The parents, through a group called Fight for Schools, alleged that the school district’s efforts to address a history of racism are evidence that it is implementing critical race theory. Loudoun schools deny those accusations.

Curtis said he has the strong support of his school administration, but he half-joked with the students on curriculum day that they should take his class because it could end up being banned at some point.

“It’d be kind of cool to say you took a banned course,” he told them.

Even in states where there hasn’t been as much pushback, Black teachers are angry about what they see as retrenchment when it comes to exploring essential issues of racism and equity in American history. And they think there is a fundamental misunderstanding of what is and isn’t taught by teachers in class.

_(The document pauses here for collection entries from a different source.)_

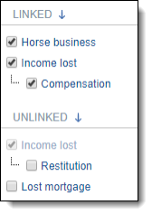 If a parent object is linked but the child object is unlinked, the text of parent object is light gray in the Unlinked section of the coding pane. This helps maintain family relationships while also noting that the parent object is linked. In the example below, Restitution, a child of Income lost, is not linked; however, Income lost is linked. This enables you to see that Restitution is a child of Income lost, which is unlinked.
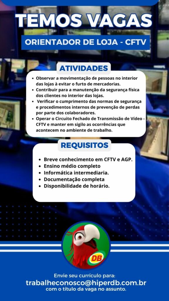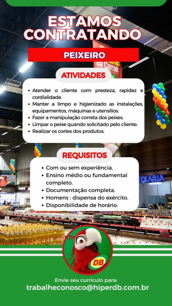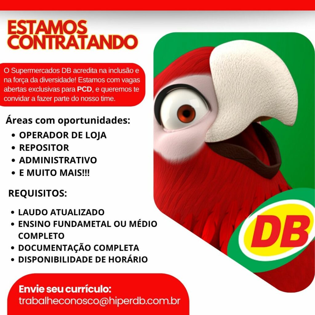 DB supermercados está selecionando Repositor, Operador de loja, Administrativo, Orientador de loja cftv, Atendente de açougue Primeiro Emprego, Repositor primeiro emprego, Operador de caixa primeiro emprego, Auxiliar de cozinha, Peixeiro; Envie seu currículo!
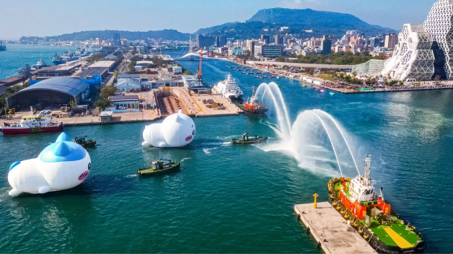 2025 Kaohsiung Wonderland 高雄冬日遊樂園」活動以最盛大、隆重的水門迎賓儀式迎接來自日本的吉伊卡哇(Chiikawa)、小八貓蒞臨愛河灣。取自FB@高雄市政府Kaohsiung City Government
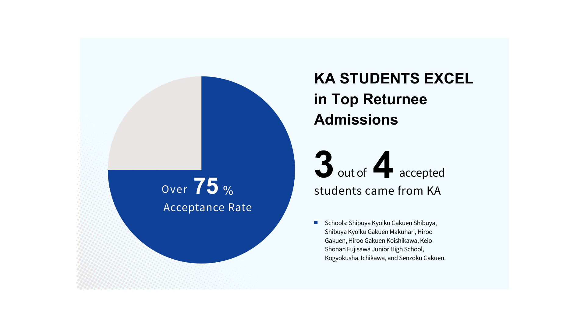 KA students accounted for more than 75% of successful applicants at some of Japan’s most competitive schools, including Shibuya Kyoiku Gakuen Shibuya Junior High School, Hiroo Gakuen, and Keio Shonan Fujisawa Junior High School (Keio SFC).
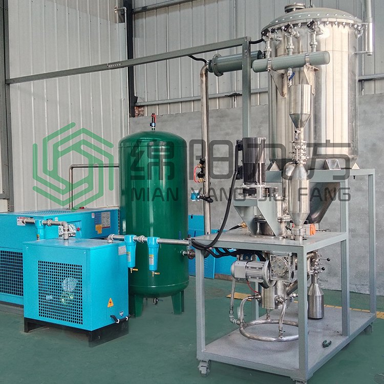 气流粉碎机拥有适用领域广、成品细度高、分级精度高等特点,与空气压缩机、冷干机、旋风收集器、除尘器、引风机、控制柜等组成一整套完整的气流粉碎系统。

“Right now there’s so much influence from the outside about what happens in classrooms,” said Krystal Davis, a Black high school teacher in a suburban Chicago district. “What teachers do every day, they don’t get it. They really think that we’re out there teaching kids like: ‘White people were bad. Black people are great. And White people mistreated Black people forever.’ ... They really think that if you say ‘I’m teaching Black history,’ then that wipes out all of their history.”

For Charice Rosser, a parent of a middle school student in rural North Carolina, the push in some states for schools to avoid teaching about anything other than American exceptionalism is yet one more snub for Black Americans.

“Everybody’s truth has been told, and ours has just been hushed,” Rosser said. She likened ignoring the modern-day effects of slavery and racism to ignoring dark family secrets.

“This may sound a little graphic, but it’s sort of like having a family molester in the family and you don’t say anything,” she said, “because you don’t know how people are going to respond.”

By teaching the full scope of Black American history, including successes and accomplishments but also slavery, Jim Crow and ongoing racism, all students will benefit from a better grasp of how we got to where we are, she said.

“Can we acknowledge the fact that the people that are descendants of this situation are still being impacted?” she said. “What we can we do as a noble and humane thing in society is to at least create stability for the next generation.”